When I was a little kid I started making plans to run away and live in the mountains. I'd keep track of the prices at the grocery store and hoard food and change and things I thought I could use as weapons because I wanted to be prepared. I considered killing her before I left but I could never decide. I hate her and want her to suffer. But I think I love her too because I feel guilty at the idea she could die unhappy one day after living such a shitty miserable life. I hate her and want her in pain but I also want her to eventually die happy and at peace. I wish there was a way to erase all of her memories of me so it'd be like I never existed.
But I can't talk about how I feel because she's not even abusive, sometimes she's actually fine. If she's in a good mood we can joke around and have a pleasant conversation. She never hit me unless you count spanking. But most of the time growing up she was just angry and high strung and cold and accusing and I was sure she hated me. But when I eventually realized she actually loved me it didn't help, because her love is smothering and scary and horrible. Every time she saw me or even heard me it was like she had some way to guilt trip me or accuse me of lying or hiding something.
My whole life has been nothing but her feelings and her trauma and her problems.
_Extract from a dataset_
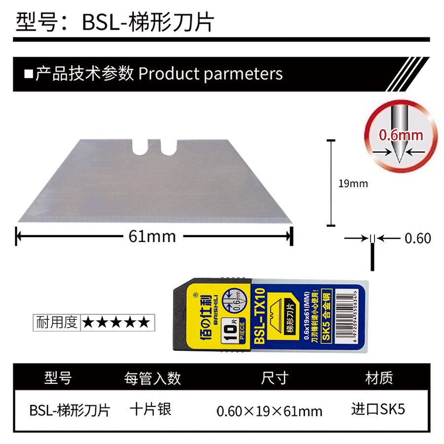 佰仕利重型梯形刀片折叠美工刀是一款专为高强度作业设计的实用工具,采用加厚T型不锈钢结构,坚固耐用,抗腐蚀性强。其梯形刀片锋利持久,适用于切割纸箱、塑料、绳索等多种材料,广泛用于电工、仓储、包装等场景。刀身折叠设计安全便捷,携带方便,锁扣稳固,使用时更安心。加厚刀柄符合人体工学,握感舒适,防滑耐磨,长时间作业不易疲劳。无论是开箱、裁剪还是日常维修,这款美工刀都能高效应对,是专业工匠和DIY爱好者的理想选择,兼具安全性与实用性,值得信赖。

I'm not even allowed to have my own trauma because my trauma is somehow still all about her and how it makes her feel. I've always been terrified enraged towards her but also I feel a lot of pity for her.
And people don't fucking get it, they think we need to "talk about it" or I just need to "stand up to her" or something as if my mother has ever been the type of person who can survive the weight of a single ounce of citicism. I get blamed for it because "she was just trying to protect you" "I'm sure she didn't know she was hurting you, no mother would do that on purpose". Everyone assumes I'm just lazy and don't want to learn these basic skills because they don't understand what it's like to have a parent who has never let you grow up.
Honestly even if I could take care of myself I probably couldn't just cut ties because I know she'd lose her fucking mind and I don't think I could stomach it. I don't want anything to do with her, and a huge part of me wants to hurt her but the other part of me doesn't want to make her life even worse than it already has been. A lot of the time I wish she'd just die in her sleep.
It makes me want to just kill myself because I don't have a future but I can't do that either. I don't know what to do, I've gone back to my old childhood fantasies about living in the woods. I know it really wouldn't but sometimes I think it's be easier.